Ритуальные практики в южноазиатских диаспорах по всему миру были подробно изучены антропологами и социологами. Большинство из них сосредоточивалось на том, как традиции передаются следующему поколению и какую роль они играют в конструировании диаспоральной идентичности, как во враждебной среде создаются ритуализированные пространства, как старинные обряды получают новое осмысление и начинают играть иную роль в новом контексте. Ритуальные практики южноазиатов в диаспорах, согласно Вербнер, активно впитывали новый опыт и перестраивались для борьбы с возникающими проблемами, расширяли сферу своего действия и видоизменялись согласно актуальному восприятию и пониманию (Werbner 1990: 335). В следующих частях статьи я вкратце опишу, в каких теоретических рамках можно анализировать ритуальную активность.
Для анализа диаспоральных ритуальных практик я использую теорию ритуализации Кэтрин Белл (Bell 1992), в которой центральное место занимает идея ритуализированного тела. В рамках этой теории ритуальная активность понимается не как специфические действия, встроенные в некую культурную парадигму, а скорее как социальная активность в целом, как социальный обычай и как стратегия действия. Эти действия связаны с особым взаимодействием между социализированным телом и структурирующим его обществом (Bell 1992: 7—8). Тело становится ритуализированным в процессе его взаимодействия с социокультурной средой. Ритуализация структурирует общество через заданный набор физических движений, который, в свою очередь, оставляет след этой ритуализации непосредственно на человеческом теле (ibid.: 98—99).

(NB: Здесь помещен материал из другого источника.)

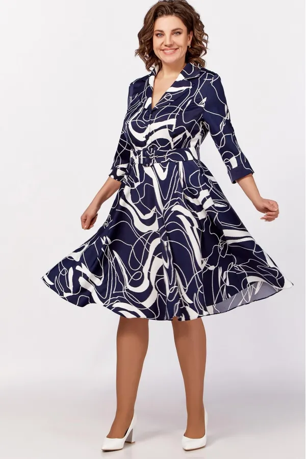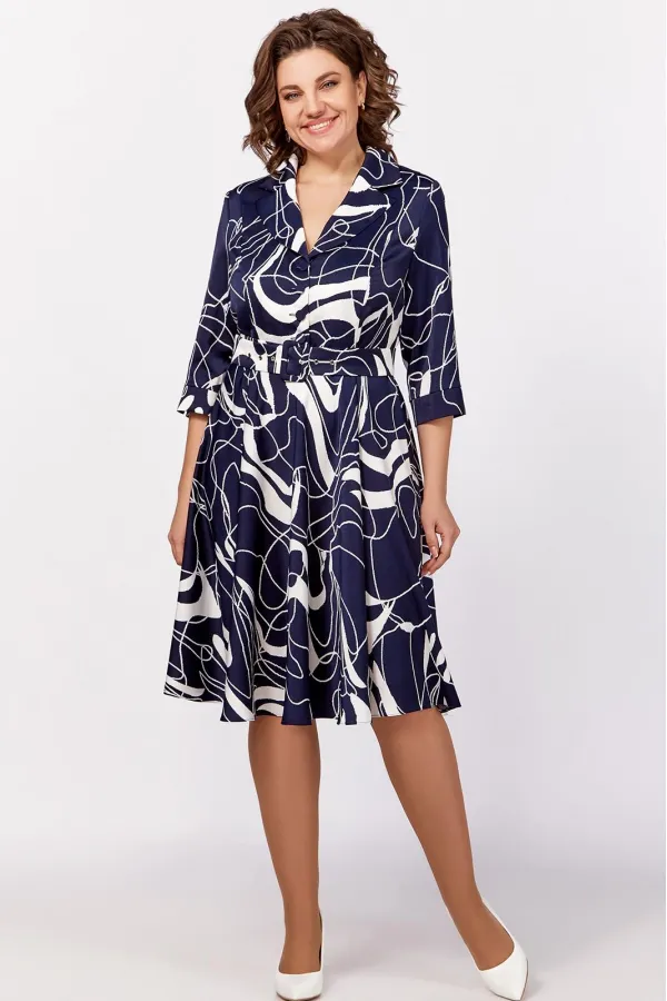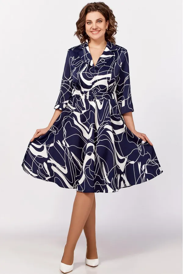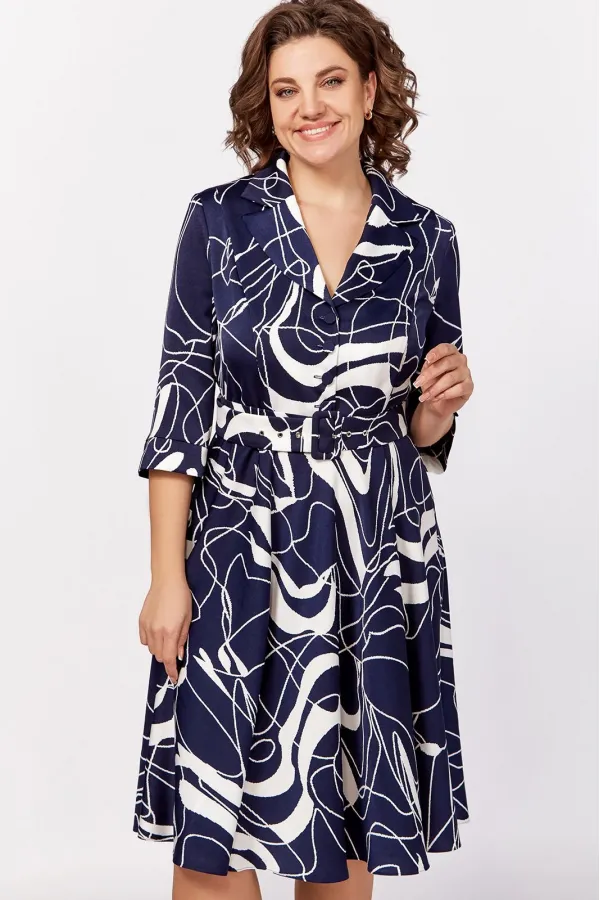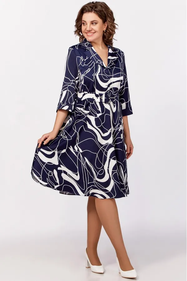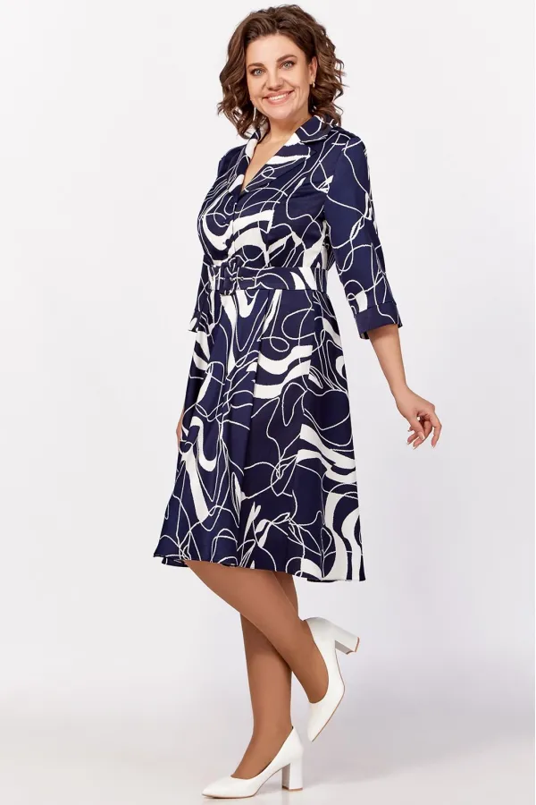 Платье из мягкой вискозной ткани, Х-образного силуэта с полуприлегающим лифом. Платье отрезное по линии талии. Перед лифа с вертикальными рельефами и застёжкой на петли и 4 пуговицы, обтянутые основной тканью. Горловина V-образной формы, с отложными лацканами и воротником пиджачного типа. Спинка лифа с талиевыми выточками. Рукав втачной, длиной ¾, по низу манжет с разрезом. Застёжка в боковом шве на потайную тесьму молнию. В комплекте пояс из основной ткани с пряжкой.

Влияние постструктуралистской мысли на работы Белл очевидно. Она разрабатывает и углубляет идею Фуко о том, что дискурс продуктивен: работа дискурса власти производит конкретные типы субъектов посредством их тел (Foucault 1979, 1980). В примере Белл ритуализация — это акт возникновения ритуализированного агента вследствие взаимодействия тела и сред, структурирующих его или структурируемых им. Исследовательница показывает, что, например, акт коленопреклонения — это действие, в котором преклоняющий колено посредством самого этого действия «производит» тело, подчиняющееся ритуалу (Bell 1992: 99—100). Ритуализация создает особое социальное тело, обладающее способностью придавать социальную значимость схемам, заложенным в ритуальных действиях (ibid.: 107). Другими словами, социальные правила, истины и модусы поведения, предписываемые ритуалом, оказываются восприняты человеческим телом. Эта социальная интерпретация ритуала содержит в себе особое ритуальное знание, которое находит применение в повседневной жизни.

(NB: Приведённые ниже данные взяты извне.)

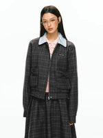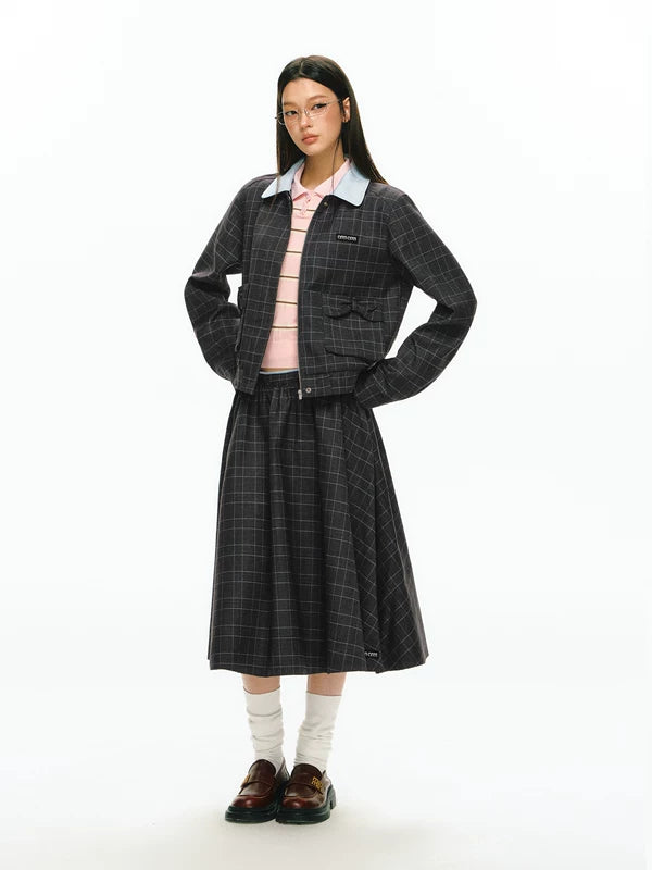 Conjunto de Moda com Jaqueta Xadrez e Saia
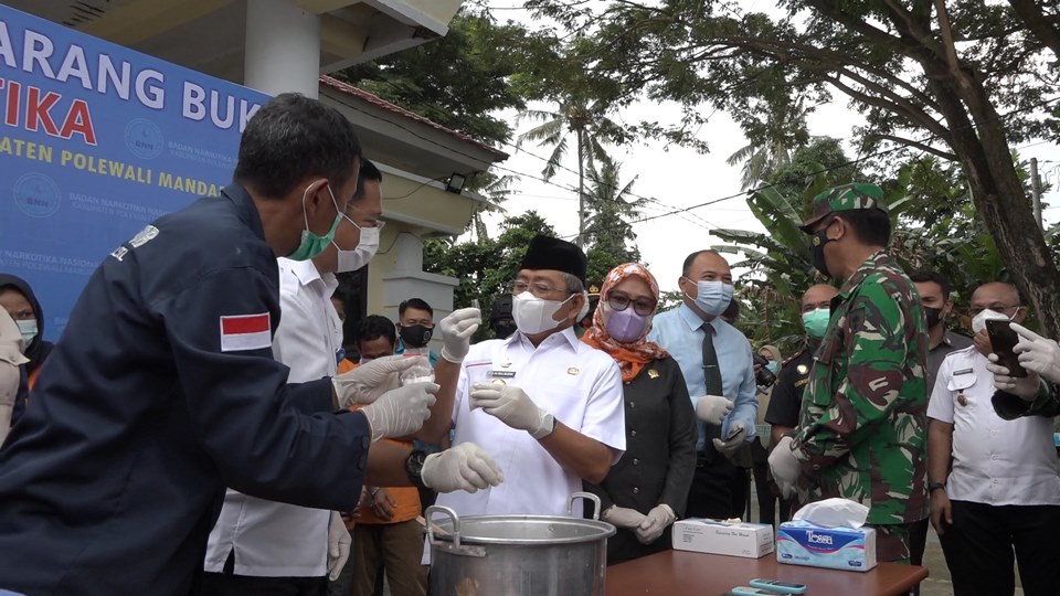 Pemusnahan yang dihadiri Gubernur Sulawesi Barat, Ali Baal Masdar, bersama unsur Forkopimda lainnya, berlangsung di depan Kantor Badan Narkotika Nasional Kabupaten (BNNK) Polewali Mandar, Rabu pagi (28/04/2021).

КОНСТРУИРОВАНИЕ ТЕЛА В ДИАСПОРЕ
Действие как знание и бытие
Я начну с одного этнографического примера, который показывает, как индуистский способ познания соотносится с практикой и телесностью. Элеонор Несбитт исследует процесс передачи религиозных практик и верований детям индусов и сикхов, происходящих из индийского штата Пенджаб и живущих в Ковентри. Автор утверждает, что ритуальное существование в большей степени связано с действием, чем с рефлексией. Она показывает, что дети не знают базовых понятий своей веры и значения религиозных практик, но знают и исполняют ритуалы на телесном уровне. В описании богослужения автор подчеркивает, что большинство детей не могут назвать священные книги своей веры, не вполне понимают язык богослужения, не могут объяснить, почему они ходят в определенный храм, но точно знают, как нужно себя там вести. Одиннадцатилетний мальчик из секты Валмики рассказал об этом так:
Сначала мы входим, снимаем обувь и кладем на пол немного денег. Потом мы проходим в зал и садимся. Когда все заканчивается, они делают специальную еду от бога, и ты ее ешь, а потом ты идешь в такое место вроде кухни. Тебе дают там чего-нибудь поесть — сначала женщинам, потом детям, потом мальчикам и мужчинам (Nesbitt 1991).

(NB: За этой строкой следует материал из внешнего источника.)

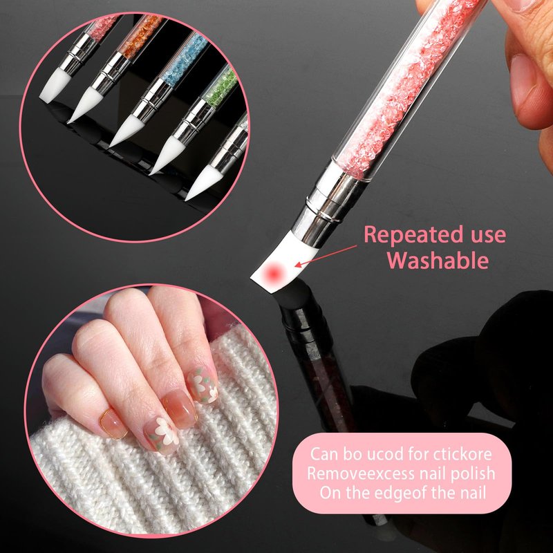 - Wide application: This silicone nail tools is not only suitable for all kinds of nail polish, but also can complete various nail art tasks, such as: Wiping magic mirror powder, adjusting gel, pressing stickers, carving, wiping gel overflow, drawing patterns, pasting diamond shapes, pasting sequins with silicone pens, etc. This silicone nail tools for nail art brings more convenience to your nail art design.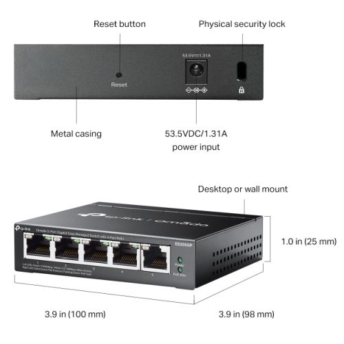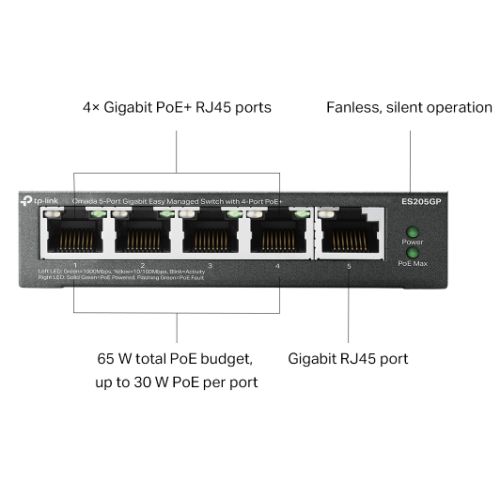 TP-LINK (ES205GP) Omada 5-Port Gigabit Easy Managed Switch with 4-Port PoE+, 5x GB Ports, Metal Casing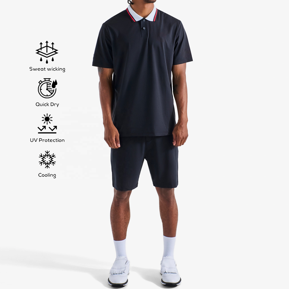 Camisetas de Golf Personalizadas al por Mayor con su Propio Diseño, Tejido Sólido, 85% Poliéster, 15% Elastano, de Secado Rápido para Hombre, Fabricante

Такое «телесное» знание и веру в традиции индуизма анализировали многие. Ричард Бургхарт подчеркивает, что индуистские ритуалы считаются эффективными независимо от того, понимает ли участник их значение: единственное, что действительно важно, — корректное исполнение процедур. Другими словами, выполнение действий и звучание слов важнее понимания (Burghart 1987: 238). Энн Дэвид подчеркивает, что индуизм — это «ортопрак- сическая» религия, в которой корректное выполнение определенной последовательности действий и есть вера. По ее мнению, последователь индуизма воплощает свою веру, в первую очередь, посредством тела, и это вполне осознается и принимается как им самим, так и его единоверцами (David 2005). Согласно Дейдре Склар, анализировавшей католическую фиесту в Тортуге, Нью-Мехико, нельзя говорить о том, что тело, исполняющее ритуал, переживает религиозный опыт: напротив, оно само является этим опытом — процессом, а не объектом (Sklar 2001: 193). Таким образом, наиболее сильное различие наблюдается не между опытом и словами или телом и мыслью, а между конвенциями знания и модусами восприятия (ibid.: 193).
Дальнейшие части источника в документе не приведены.